We have a reasonable F1 score across all classes. There are differences where the support is poor. But also people who tend to have a very different face from the others have a very good F1 score. This is likely to mean that our classifier is doing what is supposed to do. Another way of visualizing this is a confusion matrix.

In [6]:

```
from sklearn.metrics import confusion_matrix
mat = confusion_matrix(ytest, y_hat)
fig, ax = plt.subplots(figsize=(12, 12))
cax = ax.matshow(mat, cmap='summer')
ticks = np.arange(0,len(faces.target_names))
ax.set_xticks(ticks)
ax.set_yticks(ticks)
ax.set_xticklabels(faces.target_names, rotation=45, ha='right')
ax.set_yticklabels(faces.target_names, rotation=45, ha='right')
ax.set_ylabel('true label')
ax.set_xlabel('predicted label')
ax.xaxis.set_ticks_position('bottom')
for i in range(mat.shape[0]):
for j in range(mat.shape[1]):
ax.text(j, i, mat[i, j], ha='center', va='center')
```

That is a similar picture, we can say that the generalization is good enough. SVMs are quite a good model for this kind of problem. On supervised learning problems we expect the main diagonal to be populated in the confusion matrix. We can more-or-less see the main diagonal populated, it is just the support for the class containing photos of George W Bush is so high that the colors of the colormap cannot cope. Still we have a good classification because the values outside the main diagonal are small.

Let's see how good. We can identify the faces on the pictures ourselves (or cheat and read it from the original dataset), and we can compare that against how our model did.

In [7]:

```
fig, axes = plt.subplots(2, 6, figsize=(16, 5))
fig.subplots_adjust(hspace=0.3, wspace=0.3)
names = faces.target_names
for i, ax in enumerate(axes.flat):
ax.imshow(xtest[i].reshape(62, 47), cmap='gray')
ax.set_title('true: %s\npredicted: %s' % (names[ytest[i]], names[y_hat[i]]), fontsize=10)
ax.axis('off')
```

For such a small amount of code is tis quite a powerful model.

The three sets to evaluate a real world problem are a good enough standard for most problems. That said there are more advanced techniques. The model complexity found by tuning the hyperparameters is not constant when we add more data points. In other words, we can prove that a problem is solvable by sampling our data points; but we cannot argue that a model tuned to use certain hyperparameters will perform (generalize) as well on new data.

If we have enough data to worry about the training time,
we can use a **learning curve** to estimate how well our hyperparameters,
tuned on small samples will perform on the full dataset.
The *total variance in the dataset is directly proportional
to the number of samples needed to explain this variance*.
Therefore, if we train and tune our model on increasingly bigger samples of our dataset,
the score of the model on its training data and its test set will converge.
Once this converges we can be confident that we have found the number of samples
needed to account for the entire variance in the data.
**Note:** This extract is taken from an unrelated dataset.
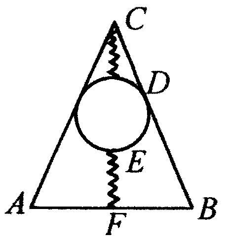 个.如图,重G=10N的光滑球与劲度系数为k=1000N/m的上、下两轻弹簧相连,并与AC、BC两光滑平板相接触,若弹簧CD被拉伸量、EF被压缩量均为x=0.5cm,则小球受力的个数为______个.

The *learning curve* is evaluated by checking whether the training score
and testing score converges to the same value.
In which case we can argue that we have enough data to explain the
variance of the problem we are dealing with.
Unfortunately in the vast majority of cases we either do not have
enough data to perform a learning curve or the problem is so hard
that the amount of data needed to produce a learning curve for it is just not available.
This is one of the reasons why the practice of machine learning is often
more of an art rather than pure engineering.